Efficiency is a relative thing
On person's efficiency likely means more work for someone else.
Efficiency is a double-edged words. It sounds good because who doesn’t want to be more efficient. But often there are hidden agendas swathed in efficiency that actually are neither efficient nor helpful.
I’m not sure if you know this but there is a program where you get certified in efficiency. The first time I heard a colleague refer to someone as a Lean Six Sigma Black Belt, I thought he was having a stroke.
Here’s what Google says about the Six Sigma program.

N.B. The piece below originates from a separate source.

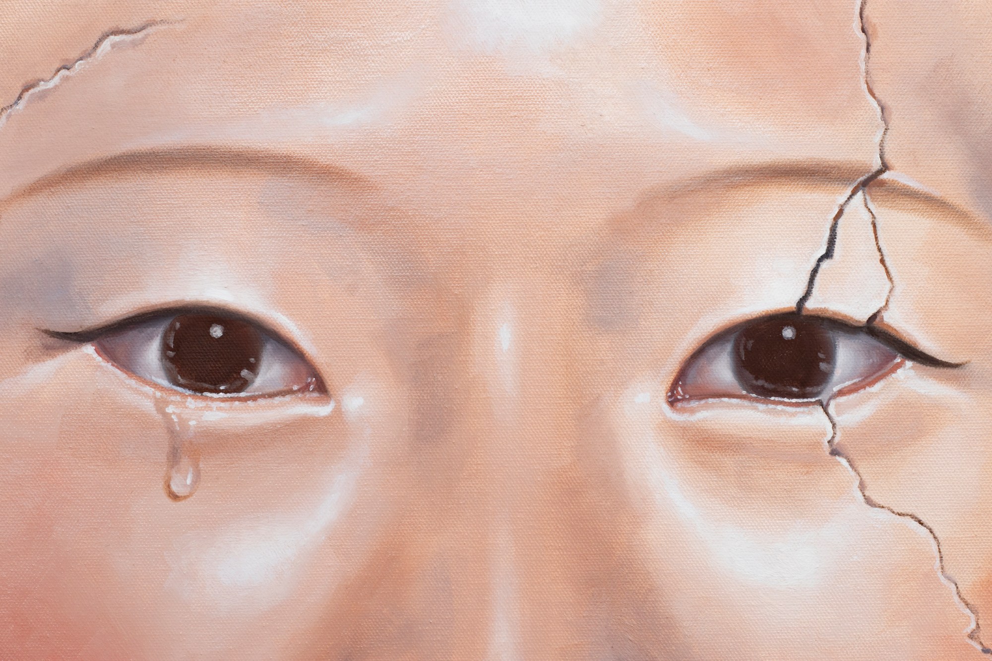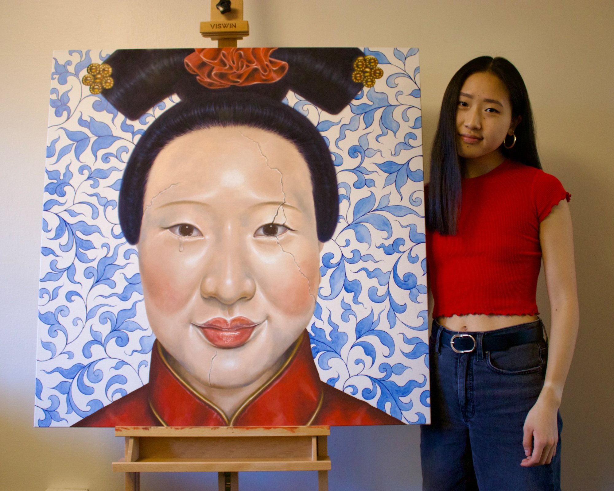This piece investigates my complex, fractured relationship to Asian American identity and womanhood, informed by the broader contexts of objectification and orientalism. The Oxford English Dictionary defines “Chinoiserie” as “the imitation or evocation of Chinese motifs and techniques in Western art, furniture, and architecture.” In this quasi-self-portrait, I transform myself into a china doll, a caricature of the Western oriental fantasy.

Six Sigma certification is a professional credential verifying knowledge of data-driven methods to reduce process defects, variation, and waste. It uses DMAIC (Define, Measure, Analyze, Improve, Control) tools to improve quality and efficiency across industries like manufacturing, healthcare, and finance. Certification is structured by “belt” levels—White, Yellow, Green, Black, and Master Black Belt—indicating increasing expertise in statistical analysis and project leadership. [There is an add on that is] often combined as “Lean Six Sigma,” which merges waste reduction (Lean) with defect reduction (Six Sigma).
Clearly, I don’t know anything about this program though I imagine they teach you to chop out waste, kick down barriers to efficiency, and block opposition to improvement. This also reminded me of my own approach to dealing with problems (or assessment) that I told you about before. In my approach the practitioner Formulates the question that needs to be addressed, Understands the problems associated with that question, builds Consensus among the team on how to address the problems, and the final phase is Knowledge Utilization to solve the problem. I called this the FUCKU approach. It works here too. I am a Lean Mu Kappa Black Belt in FUCKU.

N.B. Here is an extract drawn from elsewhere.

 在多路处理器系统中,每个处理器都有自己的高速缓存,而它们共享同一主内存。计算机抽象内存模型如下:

I’m sure in a lot of administrative structures, a Six Sigma black belt is useful to make things better. It’s just that at a university you see too many examples where they say they are reducing inefficiency but end up creating new inefficiencies that they ignore. And the new inefficiencies are never to the staff’s benefit. For example, a university might reduce inefficiency and waste by saying that they will no longer supply computer program X because only 200 people at the university use it. But those 200 people really need it, so they need to organize buying it on their own. The efficiency at the institution level is just shifting work and cost to another unit. Similarly, the charge to consolidate department admin structures rarely reduces people and usually creates more problems in trying to standardize everyone and make them fit into the cookie-cutter mold
And then there’s the Department of Government Efficiency. A lie wrapped in an acronym disguising a deliberate effort to destroy NIH. My fellow Substacker Elizabeth Ginexi did a nice job of summarizing the multi-pronged and ongoing attack against NIH in her latest post.
In case you missed it, an article in last week’s Nature showed how disbursements of awards is trickling compared to previous years. In the graphs below showing the first five months of the fiscal year. You can see fiscal years ’22, ’23, and ’24, when we used to have a functioning government, look very similar. FY25 started out similarly, but then abruptly halted at the end of January when you know what happened. But FY26? That’s a pretty big decrease. It seems like there’s some new inefficiencies that need to be chopped out. Unless….do you think this is maybe intentional?
Stay safe out there and in the event they activate the draft, I know a guy in Canada.